EBRI Issue Brief

Health Reform: Examining the Alternatives

Mar 1, 1994 44  pages

Summary

  • This Issue Brief examines the major issues of the health reform debate. The issues that must be resolved before reform can be enacted include: allocation of health care resources, universal coverage versus universal access, composition of risk pools, employer and individual mandates, and distribution of health care services' costs. This report also contains short descriptions and analyses of the following proposals: McDermott-Wellstone, Clinton administration, Cooper-Breaux, Chafee-Thomas, Michel-Lott, Nickles-Stearns, and Gramm.
  • Proposals without an individual mandate will not achieve universal coverage. An individual mandate raises significant enforcement issues. An employer mandate will not achieve universal coverage by itself.
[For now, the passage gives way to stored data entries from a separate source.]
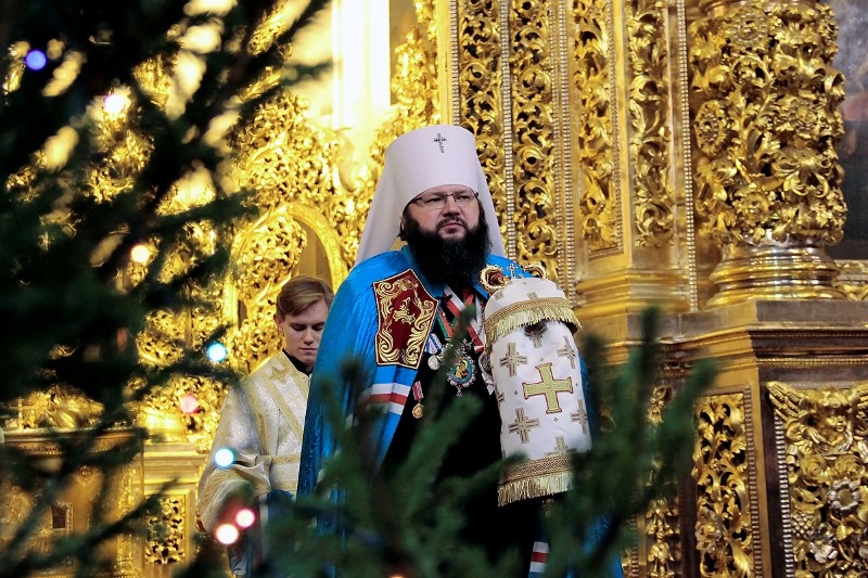 От клира и мирян Высокопреосвященнейшего митрополита Исидора с Рождеством Христовым поздравил старший священник кафедрального собора протоиерей Михаил Горовой, пожелав правящему архиерею помощи Божией в несении архипастырского служения, доброго здоровья, многие лета.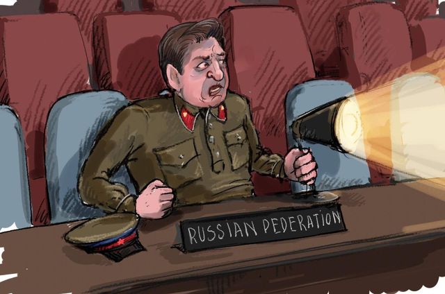 Художник Георгій Ключник у карикатурі зобразив власне бачення провокативної поведінки на засіданні Ради безпеки ООН російського постпреда Володимира Сафронкова. Сафронкова, який "відзначився" грубим порушенням дипломатичного етикету, Ключник зобразив у військовій формі. "Подивися на мене, очі-то не відводь, що ти очі відводиш?", – сказав Сафронков до колеги з Великобританії Меттью Райкрофта під час обговорення ситуації в Сирії.2 3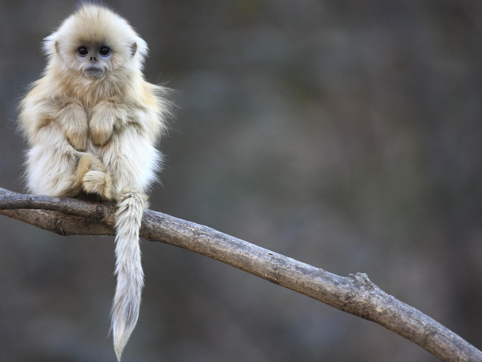 Обои Маленькая обезьянка сидит на ветке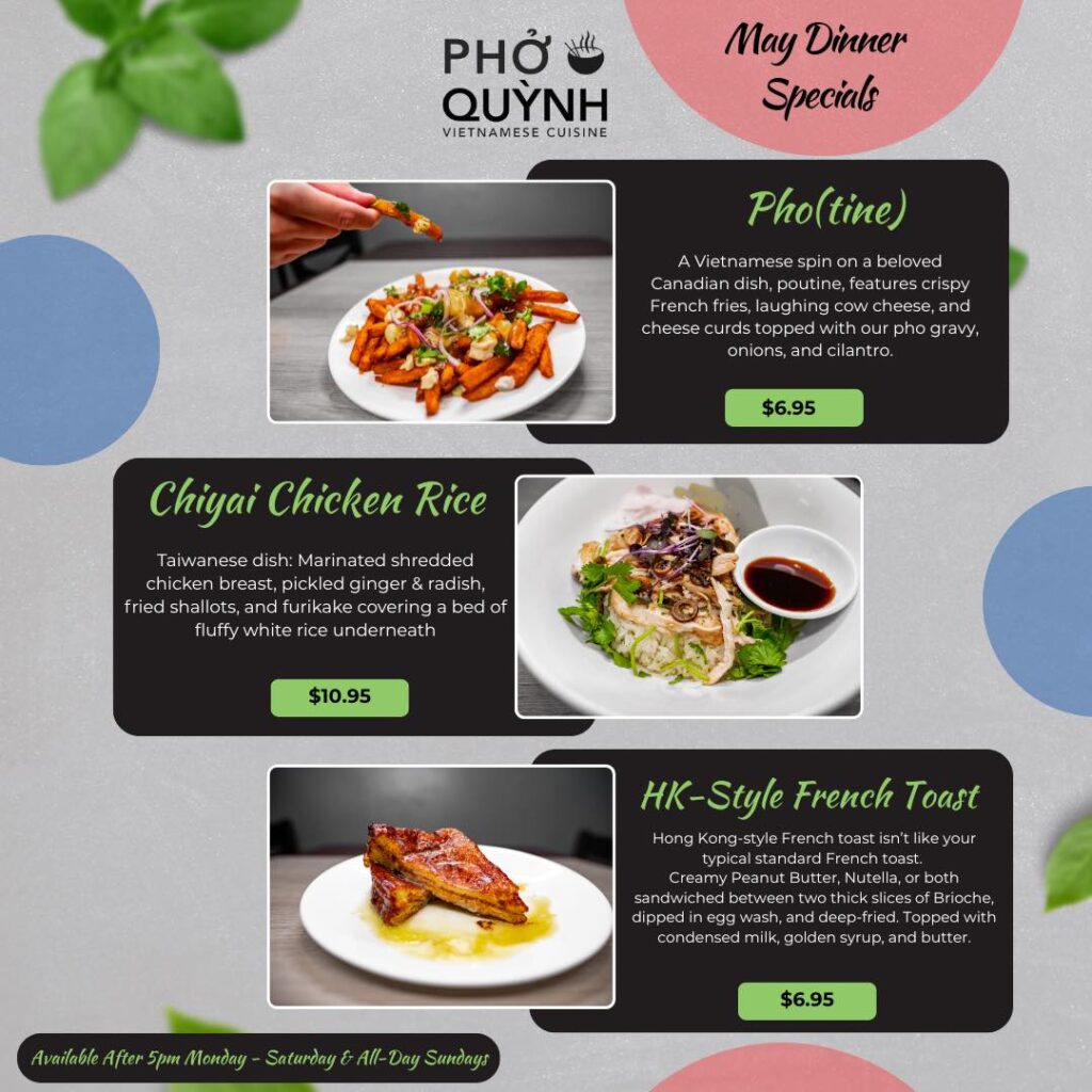 Pho Quynh has changed its dinner specials from something new every week to the same items throughout the month. Here’s what’s available for May after 5 p.m. Monday through Saturday and all day Sunday.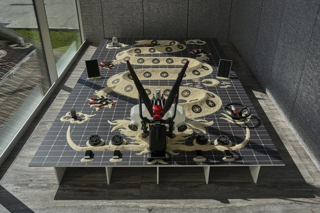 In questo scivolamento temporale si insinua una riflessione più ampia sull’accelerazione tecnologica, che imprime ai dispositivi e alle infrastrutture un’inesorabile data di scadenza, un ciclo di vita sempre più breve, capace di rendere obsolete anche quelle che, a un occhio inesperto, possono sembrare innovazioni avanzatissime. Quella descritta da Cao Fei è, al contempo, realtà fattuale e condizione paradossale, nella quale il presente si comprime a tal punto da divenire immediatamente passato e rispetto al quale ogni tentativo di tenere il passo risulta fisiologicamente destinato al fallimento. La mostra è dunque un paesaggio attuale e desueto, abitato da tracce di un progresso che, nell’avanzare, intravede già la produzione delle proprie rovine.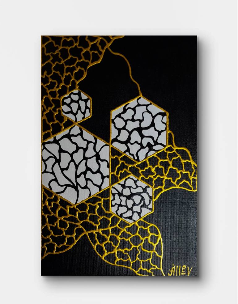 "Golden Web" This work was born from a deep inspiration drawn from natural structures and their harmony with abstract forms. Observing the world, I am always amazed at how nature creates a perfect balance between chaos and order – from the patterns on leaves to the honeycomb of a beehive and the de...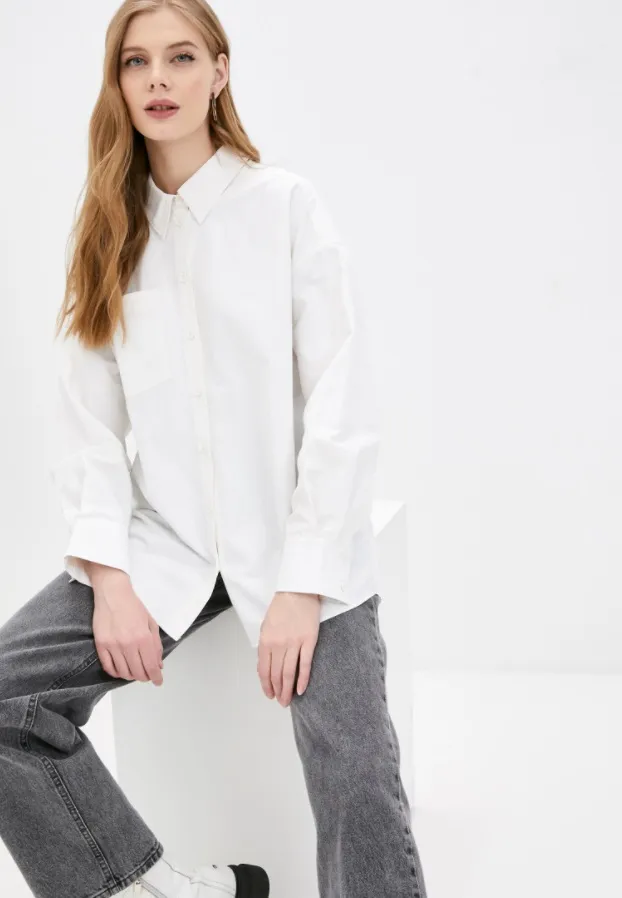 Весной стоит отдать предпочтение рубашкам свободного кроя. Это могут быть и с длинным рукавом, и с коротким. Плотная белая оверсайз-рубашка отлично подойдет для создания многослойных луков: ее можно надеть поверх водолазки, футболки, джемпера и дополнить объемным пиджаком или кардиганом. Модель с коротким рукавом предлагаем дополнять брюками и джинсами с высокой посадкой, отличный вариант – добавить вязаный жилет.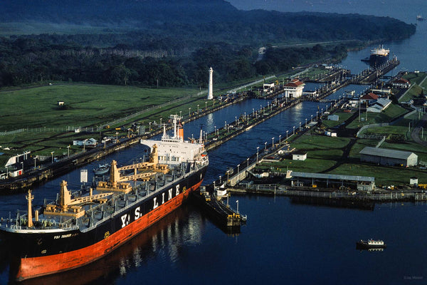 Aerial of Ship Leaving Locks, Panama Canal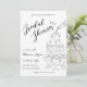 Trendiget stil illustrerade inbjudningskort för möhippan med en klocka champagne torn.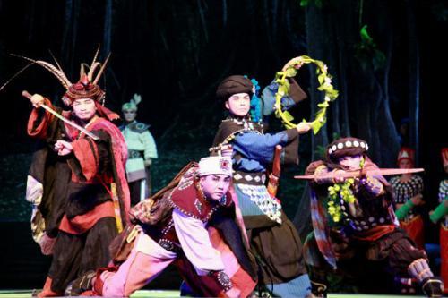 傣戏,也叫傣剧,发展和完善主要在德宏一带,因此傣戏又称“滇西傣戏”。傣戏大约在十九世纪初产生于德宏的盈江。允哏傣戏主要传承了盈江傣族创立和改编的傣戏剧目,有《飞铜飞铁》、《台天》、《王反祖》、《陈德陈东》、《十八吵闹》等剧目,表演形式主要是以象脚鼓、铓锣、钹为主的多种乐器伴奏,并采用了滇剧不少以锣鼓经为主的伴奏手段,演唱用傣戏唱腔,有说唱、对白、动作比划等。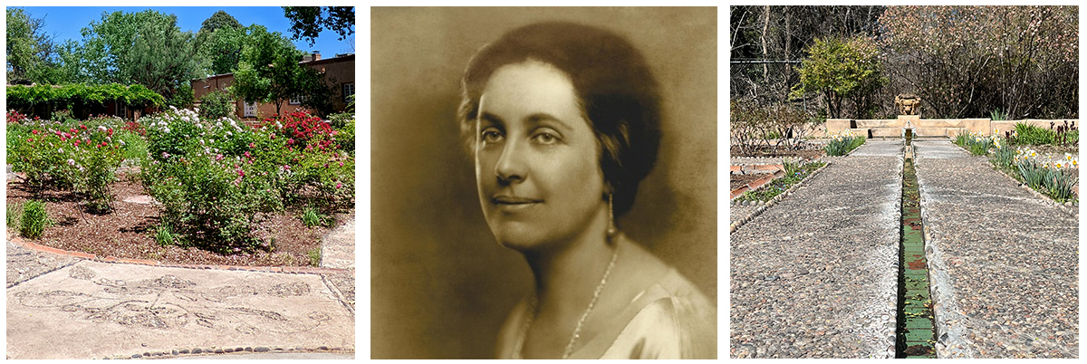 Her work here was made possible by the vision of Ruth Hanna McCormick Simms, who hired Greely when Los Poblanos Ranch was first established. Before moving to New Mexico, Ruth was a nationally recognized leader in the women’s suffrage movement. She believed deeply in civic progress and thoughtful reform, and that same sense of purpose shaped the early development of the property. By commissioning Greely, Ruth ensured the gardens would reflect refinement, permanence and beauty, laying the foundation for the cultural landscape we continue to steward today.
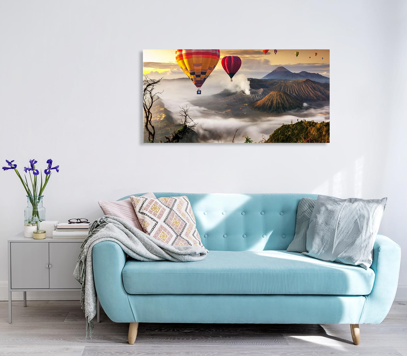OBRAZ NA SZKLE SZKLANY ŚCIENNY BALONY NAD GÓRAMI WIDOK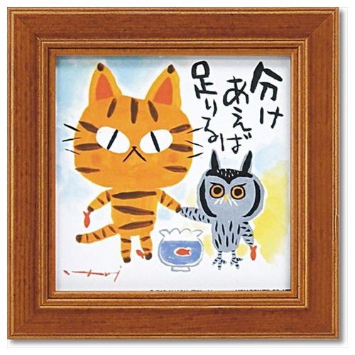 「取寄品」 「和風」 ねこ ふくろう 額付 ポスター 分けあう メッセージアート ギフト インテリア グッズ ユーパワー 幸運を運ぶフクロウ 奈良町の風情とふくろう、たくましく生きる野良猫を描いたパワーのある作品です。ちょっとした感謝の気持ちや日頃からお世話になっている方へ、心温まる贈り物です。作家:糸井 忠晴(日本男性作家)奈良町の墨彩画家。ファンから元気になる絵と親しまれる。古き町屋の情緒とそこに住むのら猫や四季をテーマに描く。・サイズ:120×120mm・重量:約0.2kg・材質:樹脂フレーム/ガラス・仕様:壁掛・卓上両用「お取り寄せ」こちらの商品はお取り寄せ商品です。約3日〜10日の日数をご了承下さい。 開運/猫グッズ/ねこ雑貨/額つき/置き物
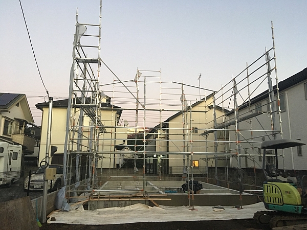 11月20日の写真です。翌日の棟上げ(上棟)に備えて、足場を組み上げました。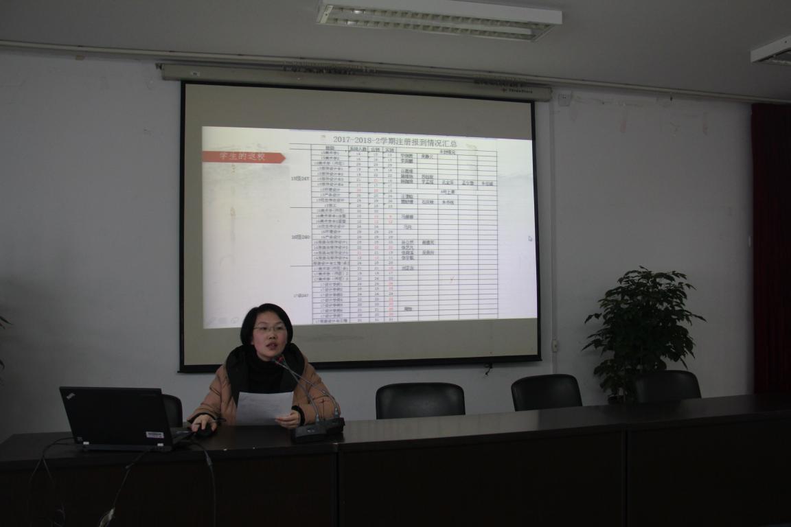学生科叶筱卉老师公布了2017-2018学年第一学习学院优秀班干部、工作积极分子名单和开学初学生返校情况,并对开学初班主任工作进行了布置:各班班主任要在第二周内召开本学期的第一次主题班会并按时上交《主题班会记录表》;班主任要深入了解并掌握学生春节期间、开学初学生的思想、学习、生活等各方面情况,积极配合学校开展开学初学生思想动态网上调查,及时发现学生存在的思想和认识问题,反馈学生反映强烈的意见和建议;新学期要营造浓郁的学习氛围,进一步加强学风建设,落实“课堂拒绝手机”制度,鼓励班级同学参加“五班十星”评比。毕业班班主任要重点关注毕业生返校和入住情况, 准确掌握未及时返校的毕业生的去向和动态,并做好在外实习安全教育工作,在外实习毕业生务必填写《kaiyun开云官方网站毕业班学生报到注册联系单》。关于学工系统的数据维护,班主任要及时将与学生的谈话情况录入学工系统,并提醒学生在学工系统中及时更新个人联系方式等信息。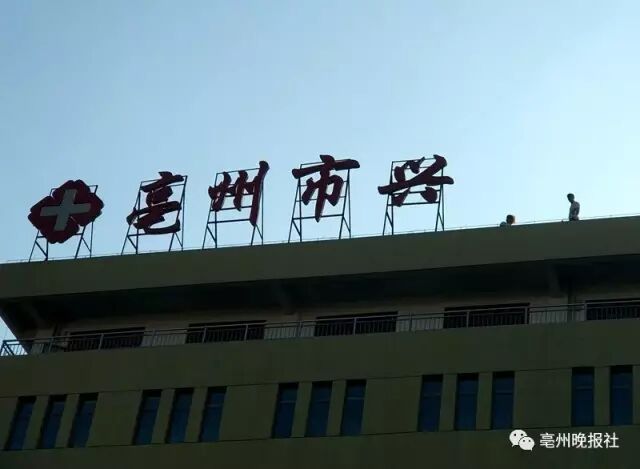 昨天(7月11日)下午,两名工人正在位于市区汤王大道上的兴华医院的楼顶拆除“亳州市兴华妇幼保健院”的牌子,除了楼顶上的这个标识牌,医院南侧悬挂的同样字样的牌子也将在今天被拆除。
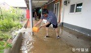 집중호우가 내린 28일 전남 해남군 문내면 선두마을의 한 주민이 마당에 고인 빗물을 양동이로 퍼내고 있다. 전국적으로 29일 오후 대부분의 지역에서 비가 그쳤다가 30일 다시 장맛비가 내릴 것으로 보인다. 해남=박영철 기자 skyblue@donga.com}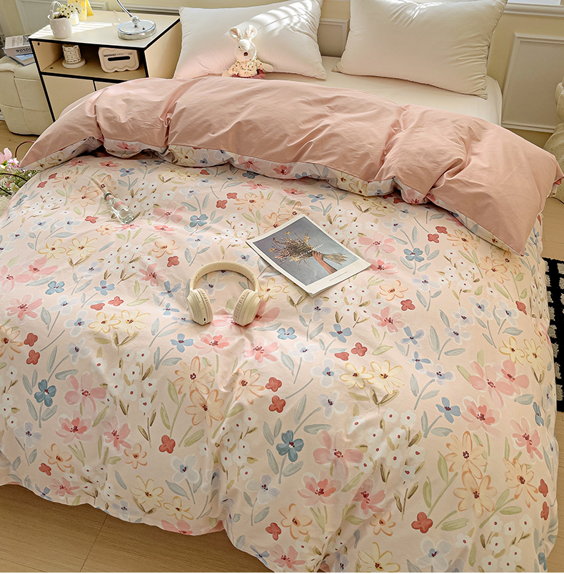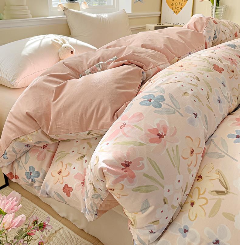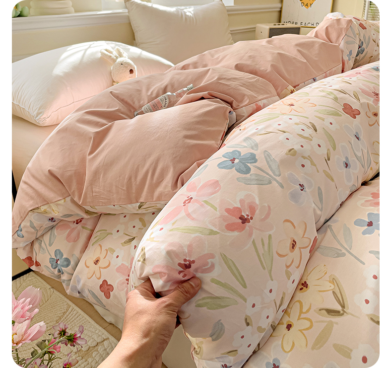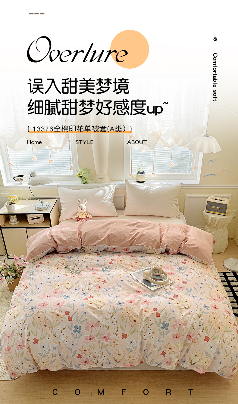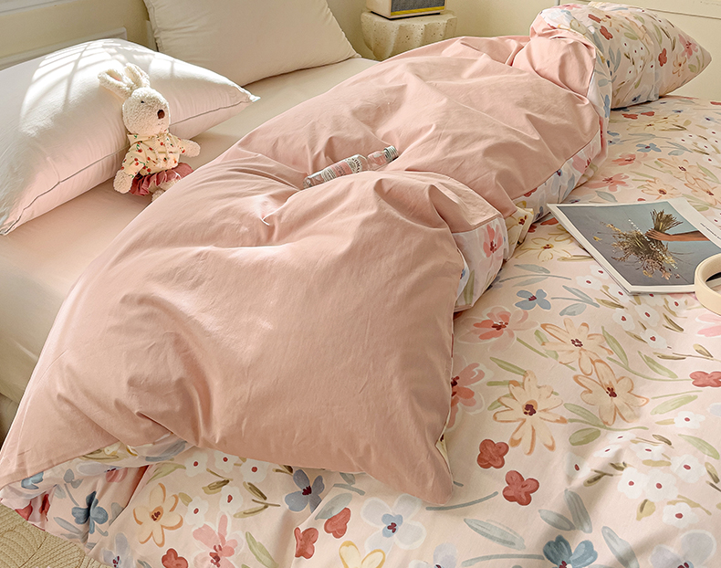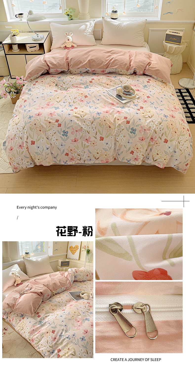 大柏树 2025新款全棉13376印花四件套系列(可定制)-单被套花野-粉

Depending on the number of hours an employee must work to be included in a mandate, an employer mandate could potentially extend health insurance coverage to as many as 85 percent of the currently uninsured.
  • Each individual has a risk of needing health care services. Restructuring the health insurance market is accomplished by changing the way individuals and their risks are pooled. The composition of these risk pools will determine the costs of health insurance and the distribution of these costs.
  • The theory behind medical saving accounts is that the market for health insurance currently leads to health care cost inflation because many events covered under most health insurance plans are not truly insurable. There are two issues involved in medical savings accounts—the impact on low-income individuals and individuals' ability to evaluate the quality of care they receive. The present market does not provide individuals with adequate information for assessing the quality or effectiveness of medical care.
  • Among the critical issues in health reform is how to reduce the rate of health care cost inflation. The effect of proposals that impose explicit budget caps or price controls on health care cost inflation can be more easily estimated than other means of controlling costs if it is assumed that the political will exists to hold these caps and price controls at the levels set in the proposal.
  • It seems unlikely that shortages or queues would develop in the near term if a single-payer health system were enacted. Currently, the U. S. health care system is characterized by overcapacity. In the longer term, however, with restrictions on hospitals' access to new technology and funds to invest in new equipment and beds, shortages and queues might develop.